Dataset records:
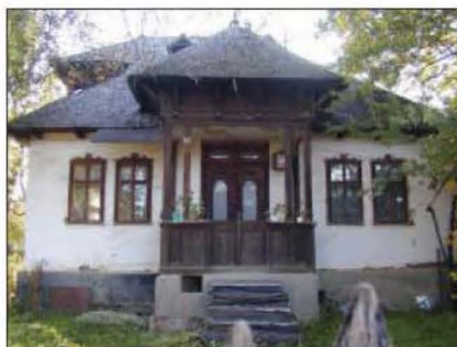
Fig. 18 Gheaba nr. 126. Propunere nouă
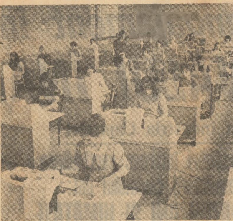
Imagine de la Centrul teritorial de calcul din Ploiești

Opinia potrivit căreia arela sonoră ni se derulează spontan și pasiv, fără școală și fără eforturi organizate, este o eroare rezultînd din necunoașterea lucrurilor. Muzica se studiază ca orice alt domeniu al realizării omenirii, se adresează în tot timpul și sub cele mai diferite forme, de la cele direct pedagogice la cele specifice, esențialmente artistice. Desigur, cea mai adecvată, cea mai sensibilă la ecloența muzicii este vîrstă
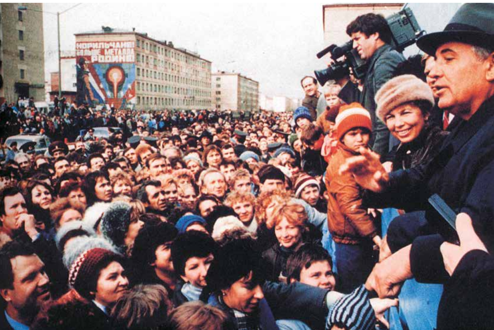
С жителями Заполярья, Норильск, 1988

Горбачев – один из инициаторов ежегодного Форума лауреатов Нобелевской премии мира. Тема встречи 2010 года – «Наследие Хиросимы – мир без ядерного оружия». В обращении к участникам Форума Михаил Сергеевич говорит о том, что «принцип мирного урегулирования споров
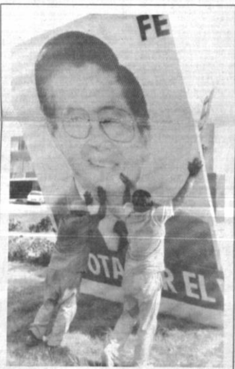
Dos operarios retiran un cartel de propaganda del candidato presidencial Alberto Fujimori, ayer, en Lima.
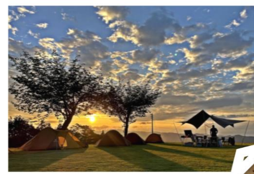
十日町市（清田山キャンプ場）
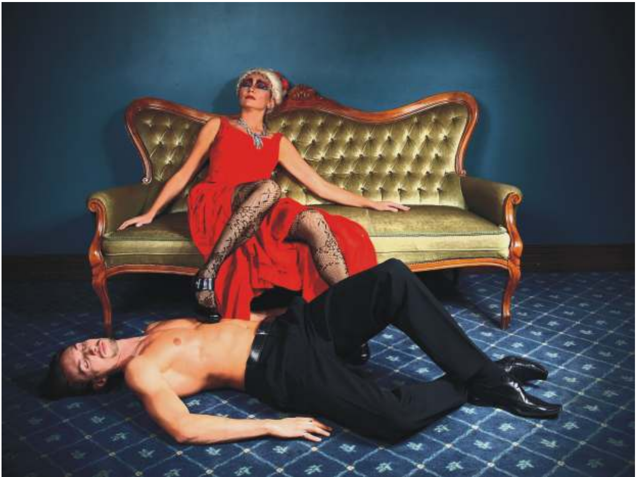
JAROSŁAW GWO DZIK "Sceny pałacowe III" I nagroda i Złoty Medal
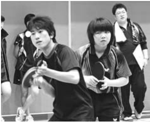
第30回玉川村民卓球大会より (12月8日)
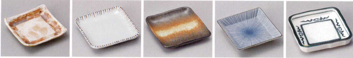
40116-311 志野4.0正角皿 890円 (12.8×12.8×2.5cm) 40117-091 京十草正角 中皿 880円 (14×14×2.2cm) 40118-091 黒備前正角 取皿 880円 (14×14×2.2cm) 40119-161 千段十草角皿(小) 810円 (11.6×11.6×2.2cm) 40120-311 瑞雲切立銘々皿 760円 (9.5×9.5×2cm)
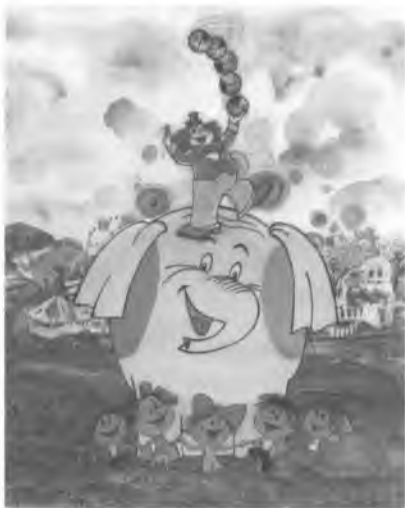
Да арт. Анімацыйнае кіно. Кадр з анімацыйнага фільма «Казка пра вясёлага клоуна».

На сюжэт жартоўнай бел. нар. песні знята стужка «Як служыў я ў пана» (2005, рэж. У.Пяткевіч). Унікальным з'яўляецца праект «Аповесць мінулых гадоў» (2006—08), прысвечаны гісторыі ўзнікнення гербаў гарадоў Беларусі (аўтар ідэі і маст. кіраўнік І.Воўчак, сцэнарысты Д.Якутовіч і М.Бяршадская, рэж. У.Пяткевіч, М.Тумеля, І.Кадзюкова, А.Ленкін, Н.Хаткевіч, маст. А.Мацюшэўская, Т.Кубліцкая, Я.Надточэй, Н.Касцючэнка). Серыя фільмаў «Беларускія прымаўкі» (2007—08, сцэнарыст і рэж. М.Тумеля, маст. А.Мацюшэў-
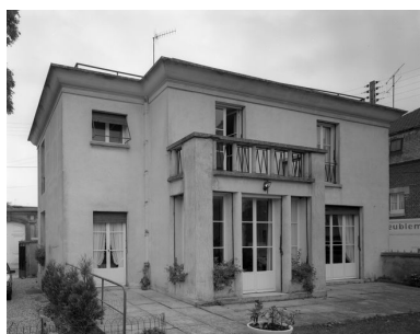
Elévation postérieure. IVR22_19856001432V
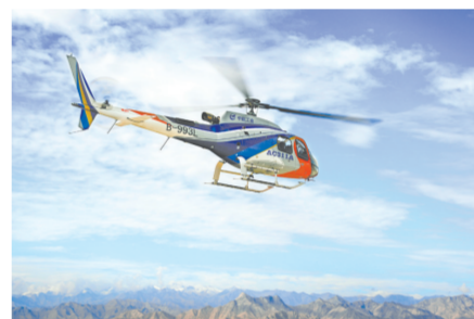
2014年9月8日青海格尔木机场AC311A展翅迎检
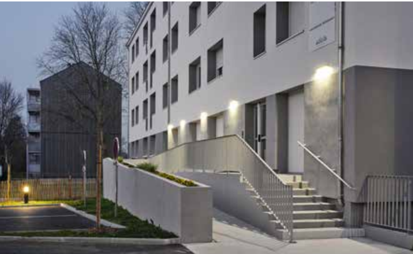
↑ Résidence Habitat Jeunes de Blain
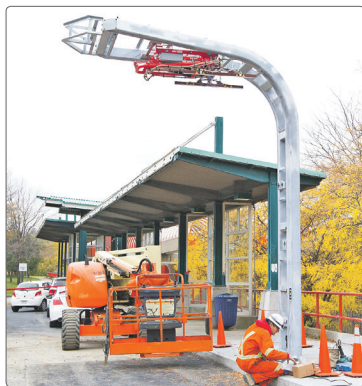
Station de recharge au terminus Angignon
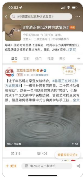
- 媒体话题 -
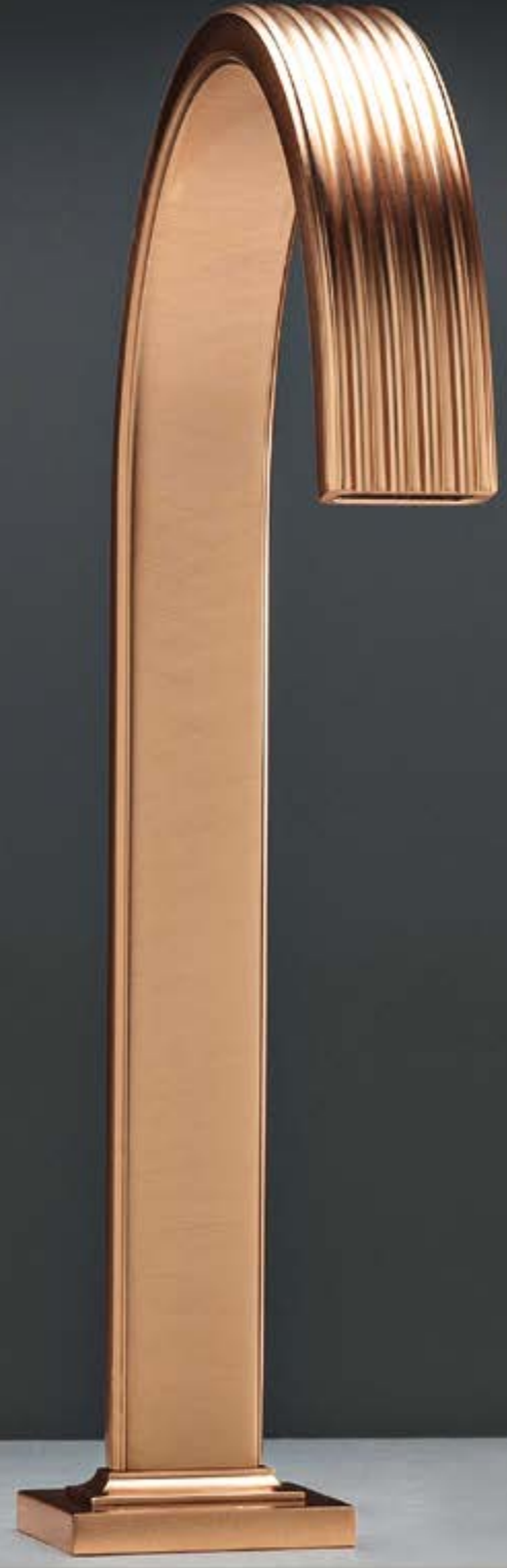
SZ brushed rose gold
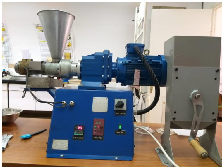
Slika 4 Kontinuirana pužna preša tvrtke ElektroMotor-Šimon

U ovom diplomskom radu za proizvodnju hladno prešanog ulja konoplje korištena je laboratorijska kontinuirana pužna preša tvrtke „ElektroMotor-Šimon“ iz Srbije ( Slika 4 ). Snaga elektromotora je 1,5 kW.
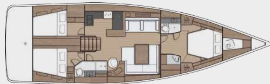
LOWER DECK 3 cabins, 2 bathrooms version - Version 3 cabines, 2 salles d'eau
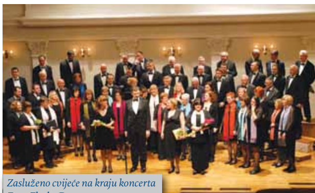
Zasluzeno cvijec na kraju koncerta

Kao i uvijek, primjeren dio Glasnika su izvješća sekcija AMACIZ-a.
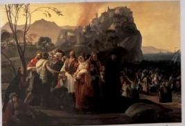
Francesco Hayez, Προσπεκτιβα στην Πάργα, 1831. Παναγιώτη Cívica Brescia.

Στην εικόνα αυτή περιγράφεται το θέαμα των κατοίκων της Πάργας που επέβλεπαν το θόρυβο της Προσπεκτιβας. Επέβλεπαν το θόρυβο της Προσπεκτιβας για να αποκρίθουν τις ακριβέστερες των Τούρκων και των Τουρκολόγων του Αλή Πασά.
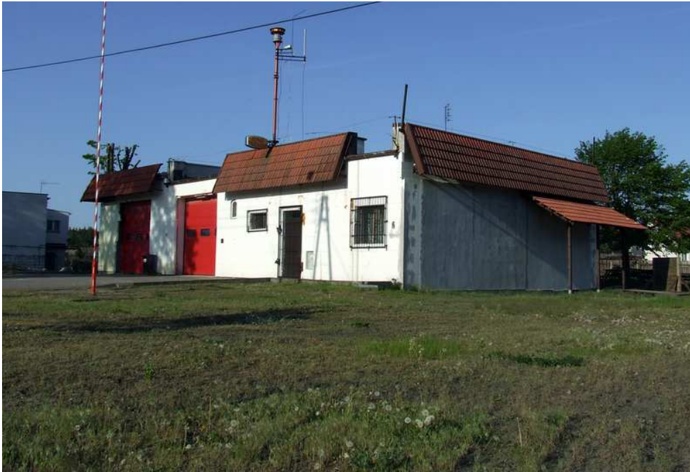
Fot. 19 Nowa Remiza Strażacka.
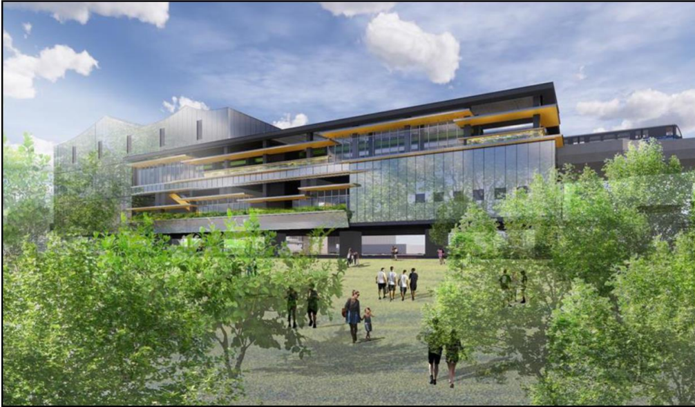
圖6.8.1-1 變更後LG11站電腦景觀模擬示意圖

(出處：110.06 萬大-中和-樹林地區捷運系統環說書第3次環差第二次修正本 p6-66)
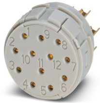
La figura mostra la versione a 12 poli

Si prega di notare che i dati visualizzati in questo PDF sono stati generati dal nostro catalogo online. I dati completi sono disponibili nella documentazione per l'utente. Si applicano le condizioni generali di utilizzo per i download.
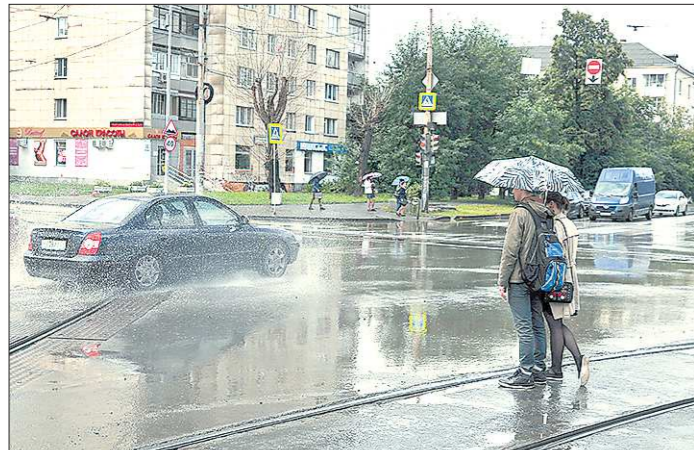
В течение текущей рабочей недели под влиянием циклонов и атмосферных фронтов на Урале будет очень ветрено и сыро

логию всегда очень сложно найти. Погода не повторяется, каждый год она разная и преподносит неожиданные сюрпризы. В то же время в Екатеринбурге среднемесячная температура в мае всего на один градус ниже нормы. И осадков в мае выпало в пределах нормы. Характерная особенность нынешнего мая в том, что не произошло нарастание тепла во второй половине месяца, как это обычно бывает. Кроме того, часто бывают заморозки. Поэтому в этом году аграрии на Среднем Урале поздно начали сельскохозяйственные работы. А кроме того, и потому, что земля, как говорится, вовремя не поспела. Зима была малоснежная, и почва промерзла глубже, чем обычно, очень долго оттаивала. Влага застаивалась. Поэтому есть серьёзные опасения по поводу того, успеет ли этим летом созреть урожай.

» ACTION ITEM
Filter the entries and keep only the lines holding "очень".

» SOLUTION TO THE EXERCISE
В течение текущей рабочей недели под влиянием циклонов и атмосферных фронтов на Урале будет очень ветрено и сыро
логию всегда очень сложно найти. Погода не повторяется, каждый год она разная и преподносит неожиданные сюрпризы. В то же время в Екатеринбурге среднемесячная температура в мае всего на один градус ниже нормы. И осадков в мае выпало в пределах нормы. Характерная особенность нынешнего мая в том, что не произошло нарастание тепла во второй половине месяца, как это обычно бывает. Кроме того, часто бывают заморозки. Поэтому в этом году аграрии на Среднем Урале поздно начали сельскохозяйственные работы. А кроме того, и потому, что земля, как говорится, вовремя не поспела. Зима была малоснежная, и почва промерзла глубже, чем обычно, очень долго оттаивала. Влага застаивалась. Поэтому есть серьёзные опасения по поводу того, успеет ли этим летом созреть урожай.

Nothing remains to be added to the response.